Glass substrate / ITO (70 nm) / α-NPD (50 nm) / Alq ₃ (50 nm) / AlLi (Li: 1.8 mass%, 3 nm) / Al (100 nm)

The organic compound layer and the Al electrode were formed by a vacuum vapor deposition method (vacuum degree: 10 ⁻⁴ Pa or less).

Regarding Alq ₃ which is a metal coordination compound as a raw material, it was confirmed that the purity was 99.9% by mass or more, and 8-quinolinol in which a proton was added to a ligand which is a decomposition product of Alq ₃ was an impurity. As confirmed that it does not exist. Furthermore, it was confirmed that 8-quinolinol was not present in the Alq ₃ layer deposited under the deposition conditions of this example. In the same deposition conditions, when Alq ₃ layer formed, 8-quinolinol was co-deposited at a ratio shown in Table 1, is deliberately 8-quinolinol was formed Alq ₃ layer contained.

When voltage was applied to the device of each example, light emission from Alq ₃ was confirmed. In addition, a DC current of 10 mA / cm ² was applied in dry nitrogen using ITO as an anode, and durability characteristics were evaluated. The results are shown in Table 1.

As shown in Table 1, the durability is particularly good when the content of 8-quinolinol is 0.5% by mass or less, and even better when the content is 0.1% by mass. The content of 8-quinolinol is the durability performance. It was found to have a strong influence on In particular, 8-quinolinol has the same shape except for the ligand of Alq ₃ and a hydrogen atom, and is likely to associate with a metal coordination compound and inhibit current characteristics and light emission characteristics. It is important to remove compounds derived from the ligands of the metal coordination compounds that are those inhibitors.

In this example, 8-quinolinol was intentionally mixed, but 8-quinolinol was actually mixed during the deposition of Alq ₃ because the purification was insufficient and 8-quinolinol was not reacted in the material before the deposition. The case where it is left as it is, and the case where it is heated at the time of vapor deposition and decomposed by the heat can be considered. In any case, the durability performance is such that the content of the decomposition product of the metal coordination compound is 0.5% by mass or less, preferably 0.1% by mass or less.

<Examples 5-8, Comparative Examples 3-4>
A phosphorescent light emitting device having the following layer structure was produced.
Glass substrate / ITO (70 nm) / α-NPD (50 nm) / CBP: Ir (ppy) ₃ (7%) / BCP (20 nm) / Alq ₃ (50 nm) / AlLi (Li: 1.8 mass%, 3 nm) / Al (100 nm)

Ir (ppy) ₃ used in this example was synthesized by the following synthetic route using Ir (acac) ₃ (tris-acetylacetonato-iridium complex).

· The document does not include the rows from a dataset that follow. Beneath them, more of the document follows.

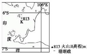 小题3:本题不仅要考生掌握岛屿的地理位置,还应清楚板块的范围。根据K岛的位置和板块界线的分布判断,K岛位于亚欧板块与印度洋板块界线附近,而K岛位于亚欧板块上,所以应该在亚欧板块与印度洋板块界线的北侧。故选C。
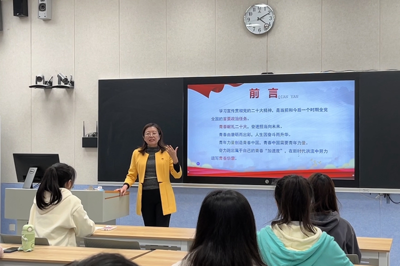 周莹首先从入党积极分子培训的重要意义和入党条件方面坚定了学员们的初心和信仰,引导学员们系好入党的第一粒扣子。课堂上,学员们回答问题积极踊跃,周莹以书本作为礼物送给大家,鼓励大家牢记共产党人的奋斗目标,努力学习,取得优异成绩。随后带领全体入党积极分子坚持原汁原味学、反复深入学、结合实际学,把党的二十大精神作为此次政治课堂的核心内容,切实把入党积极分子的思想和行动统一到党的二十大精神上来。课堂最后,周莹带领大家合诵诗歌《中国,上场》。
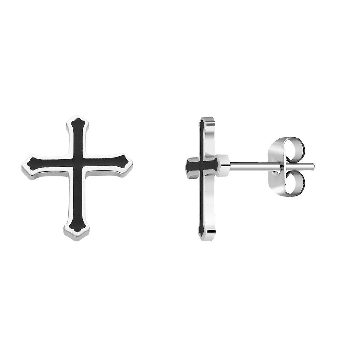 Boucles d'oreilles Homme ROCHET KINGDOM - croix acier et laque noire
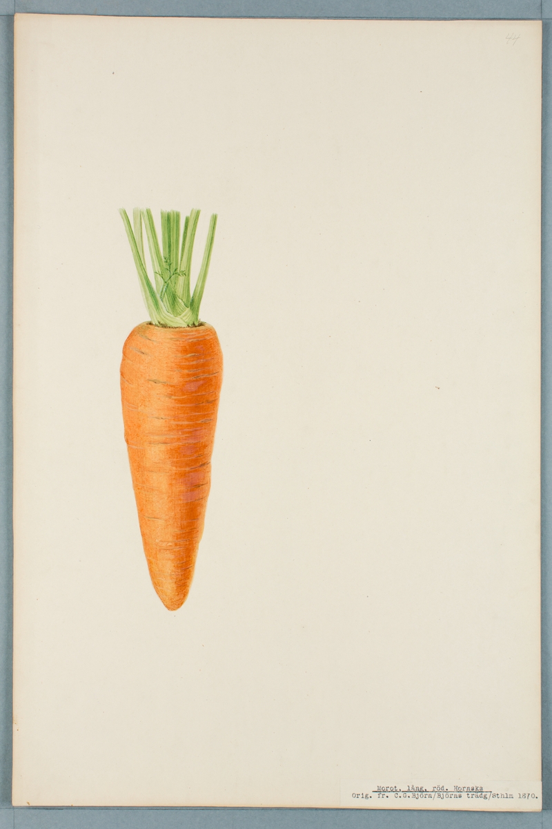 Sveriges kulturväxter. Illustration utförd av Henriette Sjöberg. Morot, halvlång, röd, Hornska. Odlad C. G. Björn, Stockholm 1870. Inv. nr. C101 : 371.
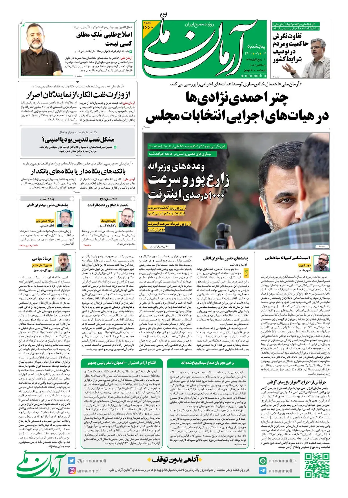 روزنامه آرمان ملی - پنجشنبه 13 مهر - شماره 1660
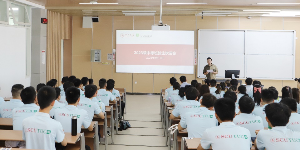 与德国克劳斯塔尔工业大学合作举办的电气工程及其自动化专业本科教育项目2023级新生欢迎会在江安校区举行。学院党委书记赵昱辉,副院长李长松,2023级中德项目班主任代表、电气工程系教授贾申利,电气工程系党支部书记陈实及该项目行政、辅导员老师,全体2023级本科新生参加了欢迎会。欢迎会由电气中德项目辅导员朱愉田主持。
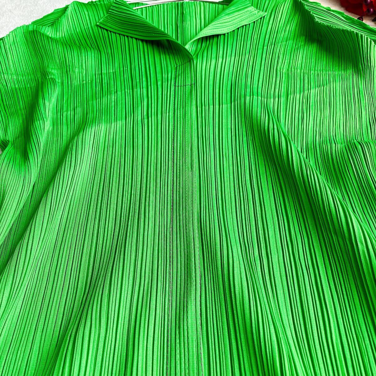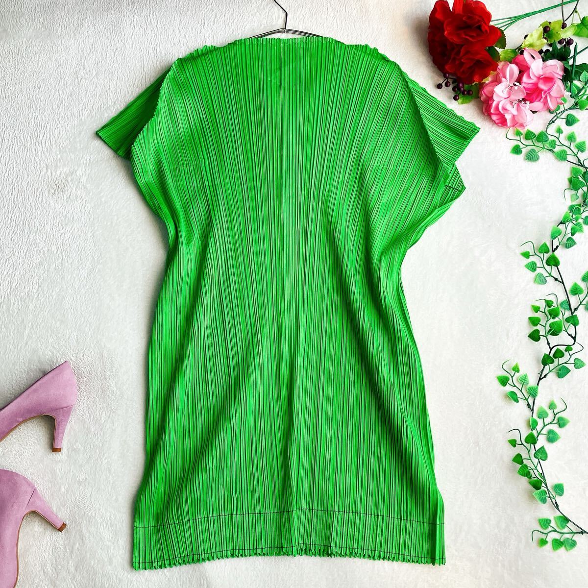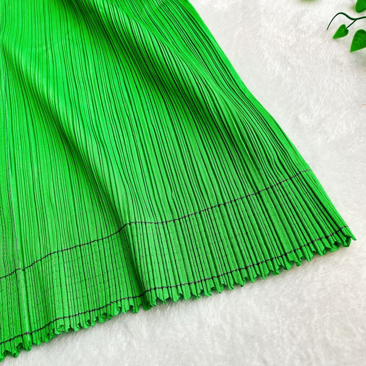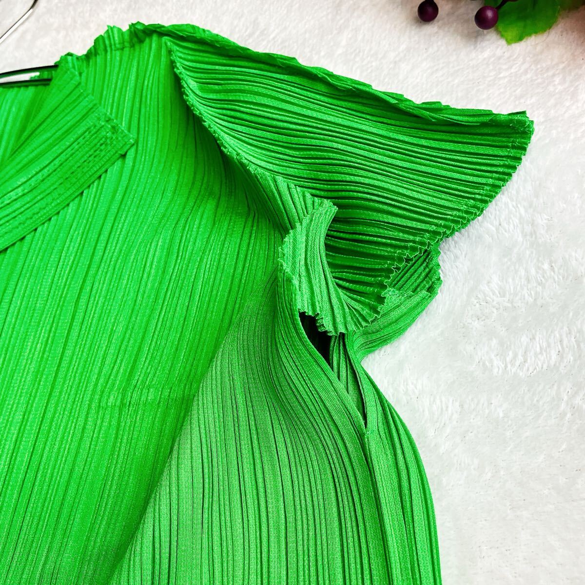 PLEATS PLEASE ISSEY MIYAKE プリーツプリーズ イッセイミヤケ★ビッグシルエット イタリアンカラー ワンピース ステッチ ライトグリーン
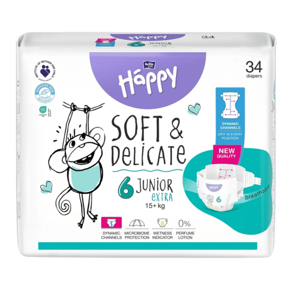Twój starszak budzi się w nocy z mokrą piżamką? Wybierz Pieluszki Bella Happy Soft & Delicate Junior Extra 6 (34 szt.)! Zapewniają ekstremalną chłonność dla dzieci powyżej 15 kg. Pełna oddychalność i 0% chemii (bez chloru i perfum) to brak odparzeń. Dynamiczne Kanały chłonne chronią przed zbrylaniem. Zamów polską jakość z certyfikatem Instytutu Matki i Dziecka!

Ir (acac) ₃ + phenylpyridine → Ir (ppy) ₃

In the same manner as in Examples 1 to 4, Ir (ppy) ₃ and Alq ₃ which are metal coordination compounds as raw materials were purified to a purity of 99.9% by mass or more. Further, in the same manner as in Examples 1 to 4, phenylpyridine was intentionally mixed into the raw material at the ratio shown in Table 2 when the CBP: Ir (ppy) ₃ layer was formed.

When voltage was applied to the device of this example, light emission from Ir (ppy) ₃ was confirmed. Moreover, the durability characteristic was evaluated similarly to Examples 1-4. The results are shown in Table 2.

As shown in Table 2, the content of phenylpyridine, which is a decomposition product from Ir (ppy) ₃ , which is a metal coordination compound, is 0 to improve durability as in Examples 1 to 4. .5% by mass or less, preferably 0.1% by mass or less.

  In this phosphorescent light emitting device, the initial characteristics are remarkably improved when the decomposition product is 0.5 mass% or less. That is, when the phenylpyridine content is compared between 0.5% by mass and 1.0% by mass, when the same voltage is applied, the emission luminance is doubled or more. The phenomenon that the initial characteristics are improved when the impurity concentration is low is a phenomenon that the fluorescent light emitting elements of Examples 1 to 4 do not have, and is a phenomenon peculiar to the phosphorescent light emitting element.

  This example confirmed that the present invention is also useful for phosphorescent light emitting devices. Furthermore, it has been clarified that initial characteristics not found in the fluorescent element are also improved.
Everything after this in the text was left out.